How to complete this task:
Print a faithful copy of the data below, word for word, with the pictures left out.

Entries supplied:
·····

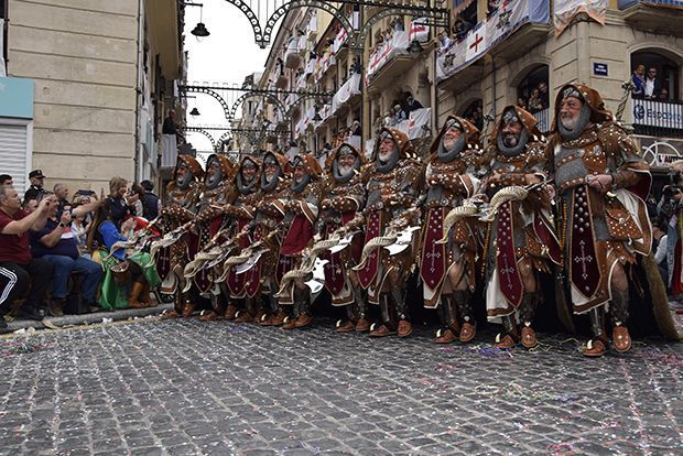 A continuació han estat desfilant la resta de filaes cristianes amb normalitat fins que ha arribat l’equador d’aquest matí, amb la seua esquadra especial, de la mà de la Filà Gusmans. César Vilaplana ha sigut el creador d’aquesta esquadra en la qual s’han pogut veure a uns monjos guerrers amb els colors marrons i grisos com a protagonistes.
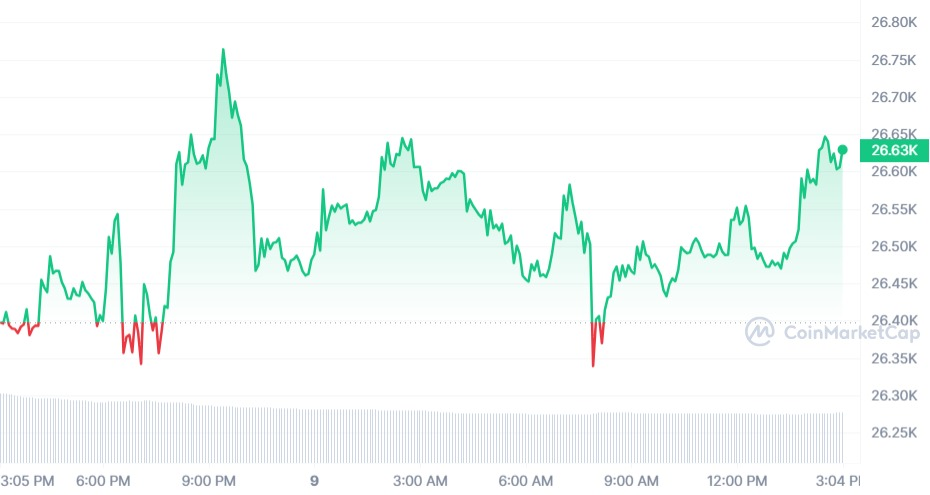 At the time of writing, the Bitcoin price remains $26,605.54, with a 24-hour trading volume of $12,085,120,778.
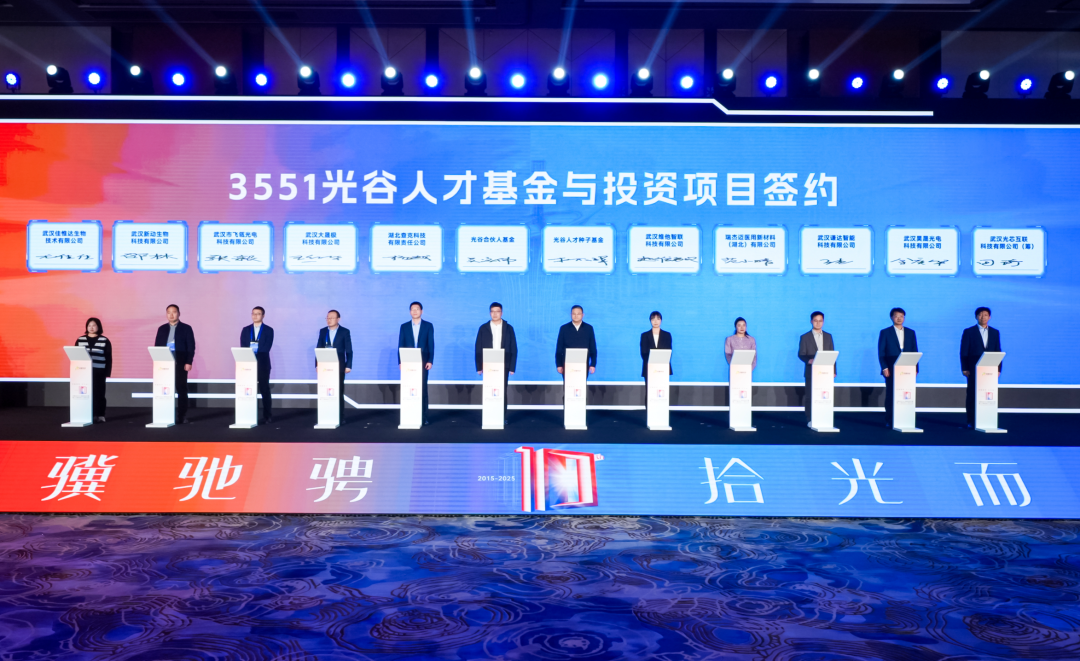 会上,武汉市飞瓴光电科技有限公司等10家企业与光谷合伙人基金、人才种子基金签约。
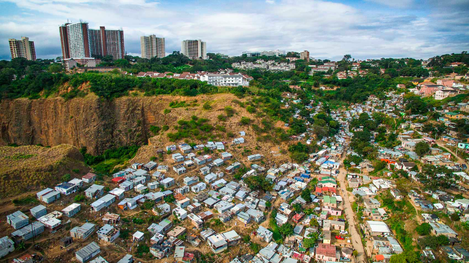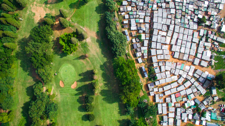 "En Afrique du Sud, les riches se situent en haut de l'échelle, non seulement financièrement mais aussi géographiquement", écrit Johnny Miller . Ici, les cabanes de Morningside, quartier huppé de la banlieue de Durban, côtoient les grandes propriétés du haut de la colline. L'une d'entre elles appartient au Président Jacob Zuma. À côté, des milliers de personnes sont exposées aux pluies torrentielles ou à la menace permanente d'un incendie.
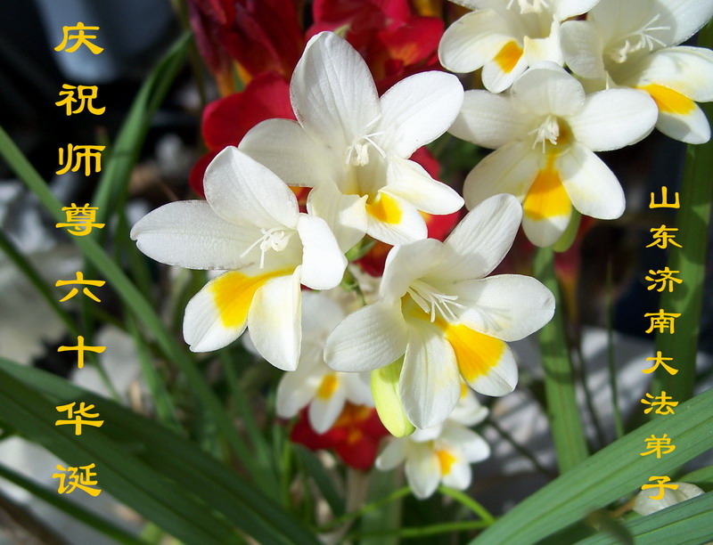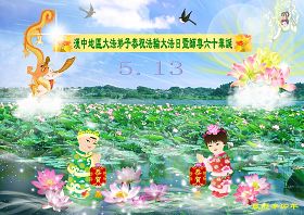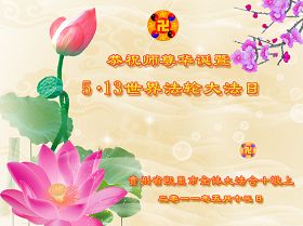 风雨过后花更艳 救度众生不得闲 信师信法不懈怠 正念正行得圆满 又逢一年五一三 弟子愿师笑开颜 郑州大法弟子恭祝师尊六十华诞暨法轮大法洪传全世界十九周年
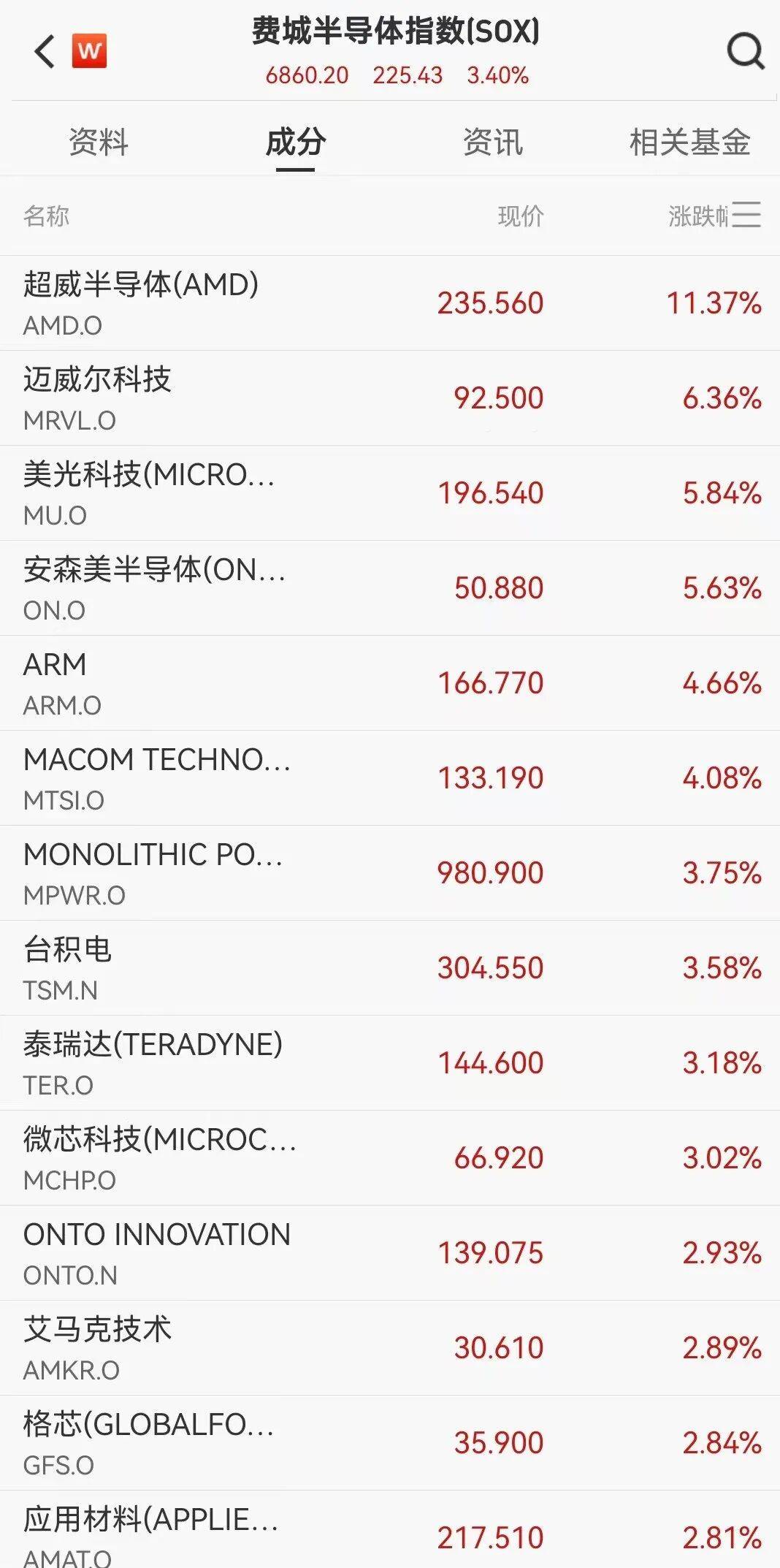 此外,以半导体为主的科技板块集体大涨。费城半导体指数暴涨超3%。
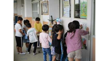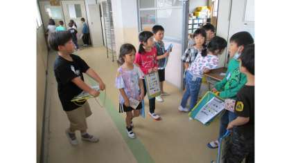 今日は、2年生と一緒に学校探検をしました。2年生がとてもやさしく、いろいろな部屋を案内してくれていました。探検した部屋に行くとシールをはることができます。全部の部屋をまわって、シールを全部はることが出来て、1年生はとてもうれしそうでした。

·····

Exercise response:
 A continuació han estat desfilant la resta de filaes cristianes amb normalitat fins que ha arribat l’equador d’aquest matí, amb la seua esquadra especial, de la mà de la Filà Gusmans. César Vilaplana ha sigut el creador d’aquesta esquadra en la qual s’han pogut veure a uns monjos guerrers amb els colors marrons i grisos com a protagonistes.
 At the time of writing, the Bitcoin price remains $26,605.54, with a 24-hour trading volume of $12,085,120,778.
 会上,武汉市飞瓴光电科技有限公司等10家企业与光谷合伙人基金、人才种子基金签约。
 "En Afrique du Sud, les riches se situent en haut de l'échelle, non seulement financièrement mais aussi géographiquement", écrit Johnny Miller . Ici, les cabanes de Morningside, quartier huppé de la banlieue de Durban, côtoient les grandes propriétés du haut de la colline. L'une d'entre elles appartient au Président Jacob Zuma. À côté, des milliers de personnes sont exposées aux pluies torrentielles ou à la menace permanente d'un incendie.
 风雨过后花更艳 救度众生不得闲 信师信法不懈怠 正念正行得圆满 又逢一年五一三 弟子愿师笑开颜 郑州大法弟子恭祝师尊六十华诞暨法轮大法洪传全世界十九周年
 此外,以半导体为主的科技板块集体大涨。费城半导体指数暴涨超3%。
 今日は、2年生と一緒に学校探検をしました。2年生がとてもやさしく、いろいろな部屋を案内してくれていました。探検した部屋に行くとシールをはることができます。全部の部屋をまわって、シールを全部はることが出来て、1年生はとてもうれしそうでした。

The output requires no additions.